**Task goal:**
Could you retype the whole listing word for word and drop the images?

**Data block:**

-- Opening Marker --

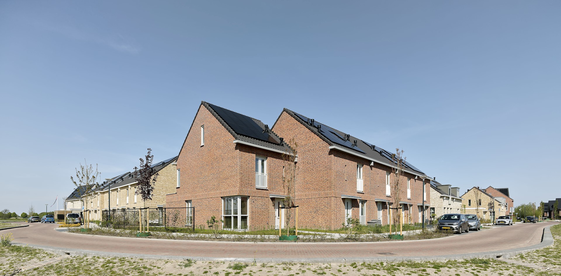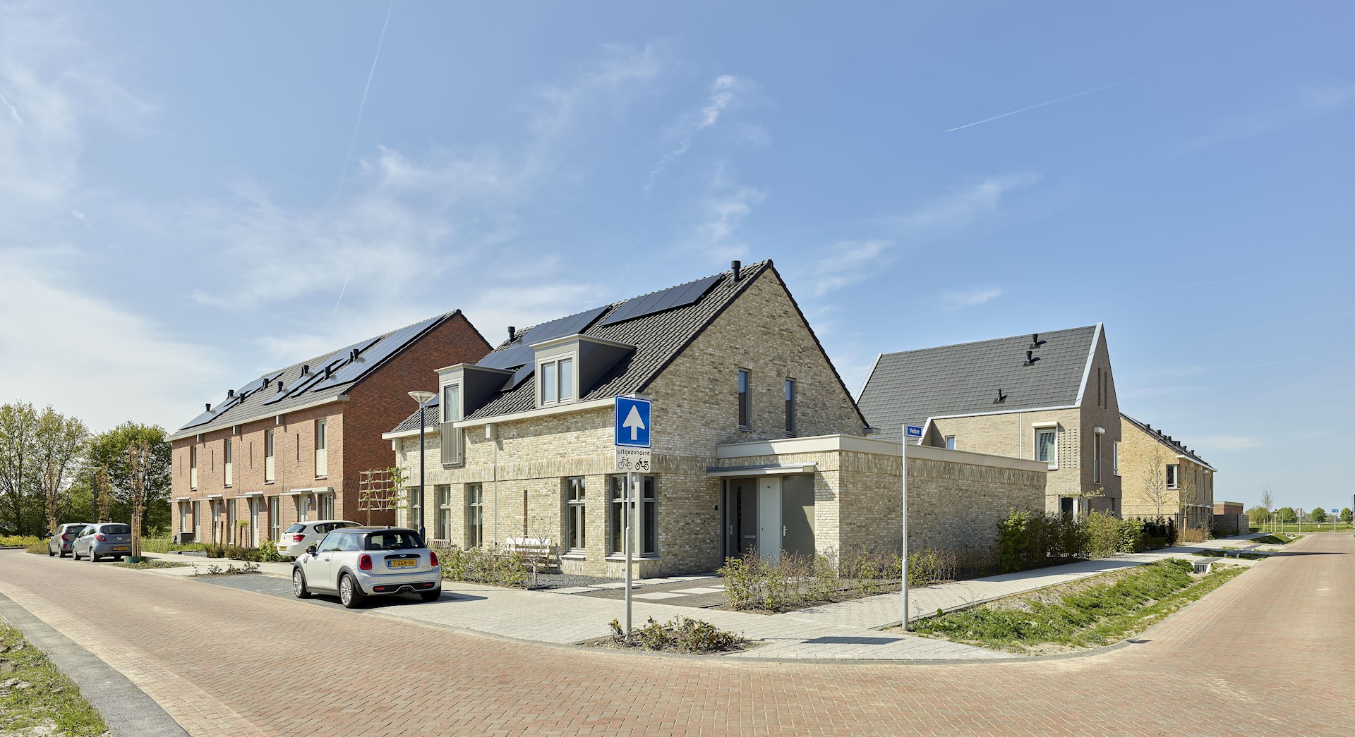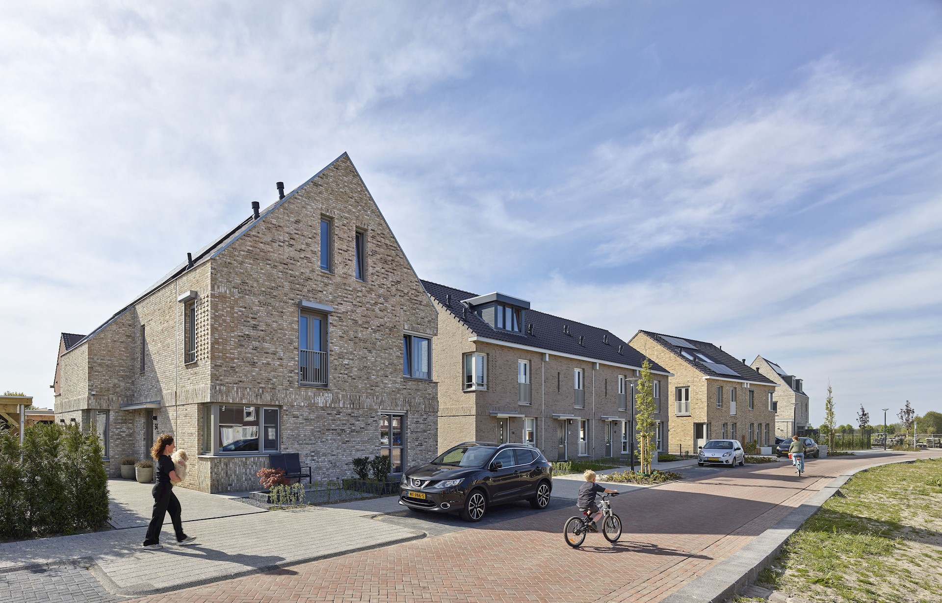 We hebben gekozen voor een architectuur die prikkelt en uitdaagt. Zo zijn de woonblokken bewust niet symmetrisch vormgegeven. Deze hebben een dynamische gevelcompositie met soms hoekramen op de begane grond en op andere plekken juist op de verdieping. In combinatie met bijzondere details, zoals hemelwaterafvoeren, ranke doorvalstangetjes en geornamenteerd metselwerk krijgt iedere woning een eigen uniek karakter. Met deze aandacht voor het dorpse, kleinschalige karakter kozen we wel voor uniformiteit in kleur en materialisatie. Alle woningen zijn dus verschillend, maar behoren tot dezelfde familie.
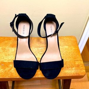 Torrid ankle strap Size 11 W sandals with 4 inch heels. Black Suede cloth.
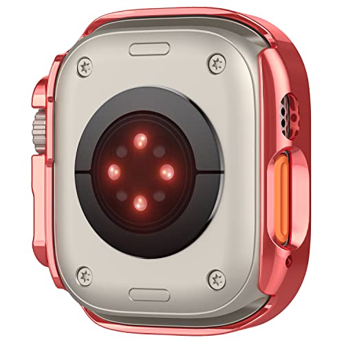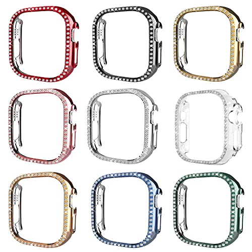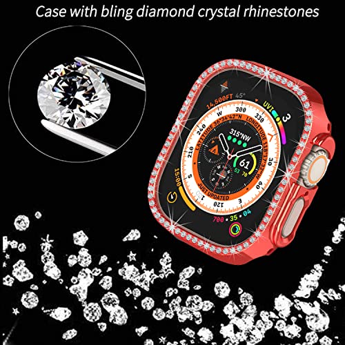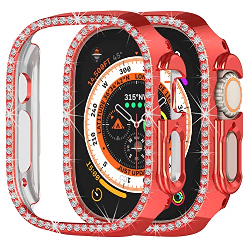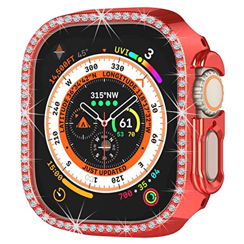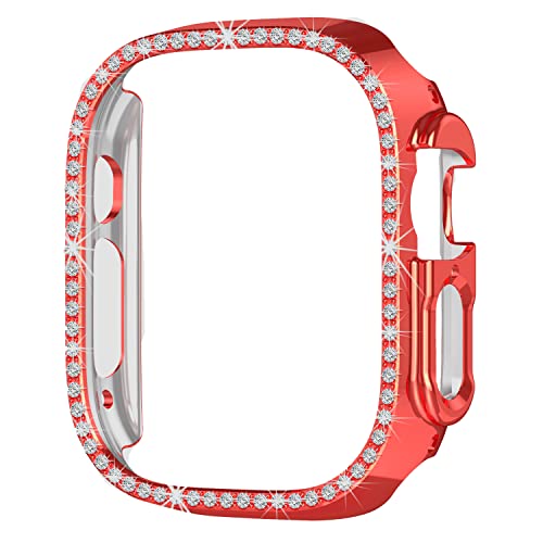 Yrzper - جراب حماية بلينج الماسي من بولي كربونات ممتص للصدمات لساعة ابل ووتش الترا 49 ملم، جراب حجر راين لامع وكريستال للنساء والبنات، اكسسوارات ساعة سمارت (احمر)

-- Closing Marker --

**Final answer:**
 We hebben gekozen voor een architectuur die prikkelt en uitdaagt. Zo zijn de woonblokken bewust niet symmetrisch vormgegeven. Deze hebben een dynamische gevelcompositie met soms hoekramen op de begane grond en op andere plekken juist op de verdieping. In combinatie met bijzondere details, zoals hemelwaterafvoeren, ranke doorvalstangetjes en geornamenteerd metselwerk krijgt iedere woning een eigen uniek karakter. Met deze aandacht voor het dorpse, kleinschalige karakter kozen we wel voor uniformiteit in kleur en materialisatie. Alle woningen zijn dus verschillend, maar behoren tot dezelfde familie.
 Torrid ankle strap Size 11 W sandals with 4 inch heels. Black Suede cloth.
 Yrzper - جراب حماية بلينج الماسي من بولي كربونات ممتص للصدمات لساعة ابل ووتش الترا 49 ملم، جراب حجر راين لامع وكريستال للنساء والبنات، اكسسوارات ساعة سمارت (احمر)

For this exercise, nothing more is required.